Если я на холоде пребывал особенно долго, а такое случалось во время учебных занятий на местности не раз, то чувствовал себя так, словно надо мной вершился страшный суд!
Мороз меня скрючивал и вдоль, и поперёк! А затем уничтожал по частям и в целом! Из носа тонкой струйкой стекала лишняя влага, по-научному называемая конденсатом! Отмораживались не только пальцы рук, но и пальцы ног, хотя они прятались в портянках и сапогах. И уши иной раз повисали, словно тушки магазинных кальмаров! И кончик носа предательски белел! И щёки частенько становились бескровными! На основании полученного опыта я с тех пор уже не сомневался, будто вечное пребывание в котле с кипящей смолой значительно предпочтительнее однократного промерзания насквозь! В аду, хоть там, говорят, и не сладко, но хотя бы не так холодно!
Скоро я в своих страданиях познал, что отмороженные уши не только болят. И с них не только лоскутами сползает погибшая кожа, но они фантастически разбухают, они тяжелеют, потому с каждым шагом раскачиваются, будто огромные лопухи африканского слона! Я и не предполагал, что в отмороженном состоянии уши ощущаются как большие крылья! Их увесистые колебания с каждым шагом передавались моей голове, и потому казалось, будто в спину меня кто-то постоянно подталкивал! Невыносимое ощущение для нормальной нервной системы.
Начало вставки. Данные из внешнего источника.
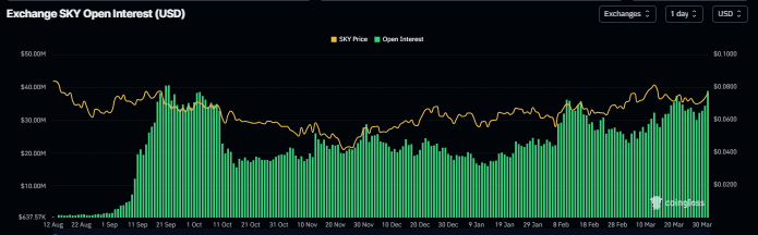 CoinGlass data shows that the futures’ OI in Sky at exchanges reaches $38.84 million on Tuesday, up from $30.10 million on Saturday and nearing its record high of $40 million. An increasing OI represents new or additional money entering the market and new buying, which could fuel the current SKY price rally.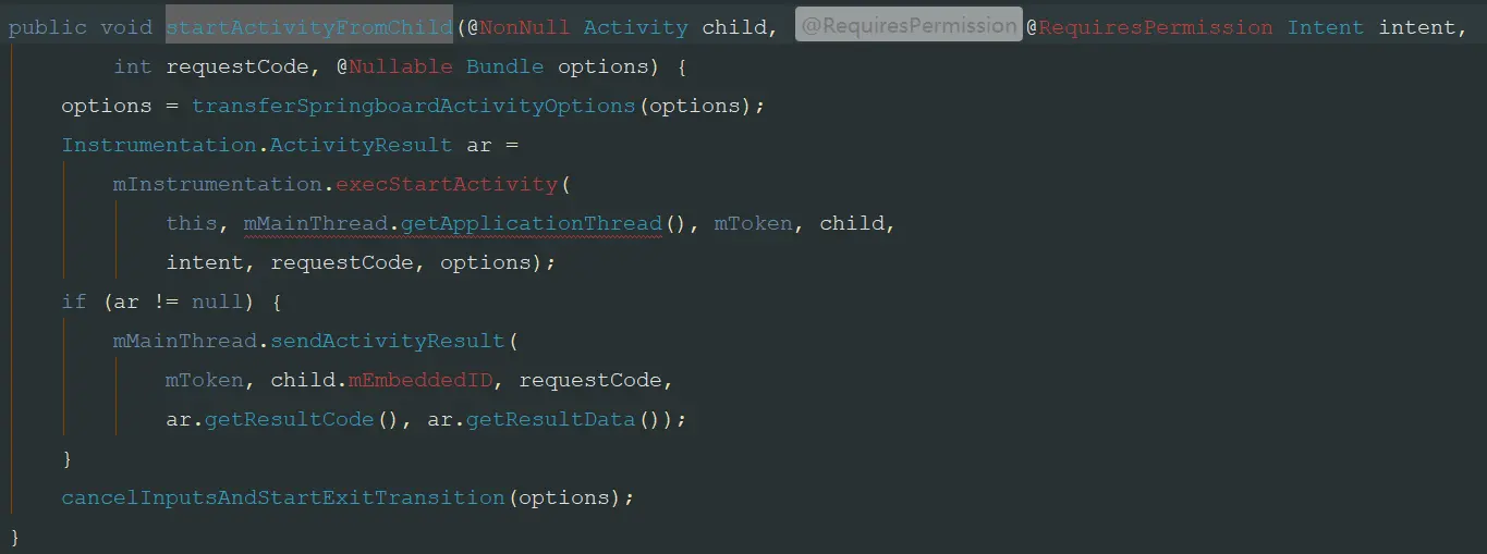 在这个execStartActivity中,可以找到关键代码: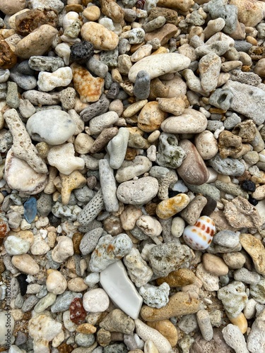 Close-up of colorful pebbles and coral fragments on a beach.stone texture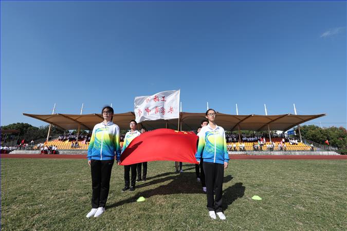 入场式后,在庄严的国歌声中,五星红旗在操场东面的旗杆上冉冉升起。接着,吴东林书记致开幕词,他高度赞扬了学生们在入场式中表现出来的创造力和蓬勃朝气,祝愿学校再创新高并预祝运动会圆满成功。之后,运动员代表在全体师生面前庄严宣誓:遵守规则、尊重对手,公平竞技、展示风采,友谊第一、比赛第二。

О! Как же в то холодное время я жалел всех замерзающих людей всего мира, даже нещадно битых некогда французов! Всех я жалел – до единого! Плохих и хороших! Их и бить-то не приходилось – они сами собой загибались от убийственного холода! Лично я, проверив это на себе, считаю, что на всей планете трудно найти более несчастного человека, нежели насквозь промёрзший бедняга.
Но в этом вопросе меня никто не понимал! А я не понимал, почему так происходит?
Впрочем, не то чтобы никто не понимал, но никто не верил. Они все думали, пожалуй, будто мне для себя хотелось каких-то льготных условий. Да и с чего бы они думали иначе, если каждый судил по себе. Если каждый из них с раннего детства привык к холодной зиме. Если каждый считал, будто при каких-то пятнадцати градусах нельзя настолько быстро и основательно окоченеть.
Не находя понимания моих морозостойких товарищей, я никогда не жаловался, и помощи никогда не просил, решив для себя, что погибать молча и в одиночку мне предписано безжалостной судьбой! А на нее не обижаются, да и жаловаться на нее некому!
36
Впрочем, сколько бы ни смеялись над тем, будто я невыносимый «мерзавец», моя проблема не являлась шуточной, как кому-то казалось. Да и не только я, в конце концов, замерзал даже при слабом морозе. Замерзали и другие южане (с Нальчика, с Краснодара, из Одессы, например), но северяне им так же не верили!
А ведь мы страдали не из-за того, что будто бы изнежены, а по причине неверных настроек своих южных организмов. Во мне, я точно знаю, какой-то термостат за много лет приспособился к весьма жарким условиям пустыни, где я долго жил, а в Казани условия оказались противоположными. Выходило, что термостат следовало перенастроить по-новому, но быстро это ни в ком из нас не происходит.
Потому организм, считая по привычке, будто я продолжаю находиться в жарком климате, слишком малую часть своей энергии превращал в тепло. В пустыне этого хватило бы с лихвой, но только не в Казани! Только не лютой зимой.
По такой простой причине моя кровь, недостаточно подогретая для местного холода, обделяла теплом леденеющие ноги, руки, уши, нос и открытую кожу. А уже загустевшая на холоде эта самая кровь, как главный переносчик тепла в организме, возвращалась к сердцу более охлаждённой, нежели это допускалось. Потому и внутренние органы от неё еще сильнее не добирали тепла. И все химические и биологические реакции, определяющие моё существование, резко тормозились. В свою очередь в организме спасительного тепла вырабатывалось ещё меньше, и температура тела снижалась ещё сильнее. И так далее, вплоть до полного остывания, когда моя температура сравнялась бы с окружающей! И большое счастье для меня, что этого не случилось!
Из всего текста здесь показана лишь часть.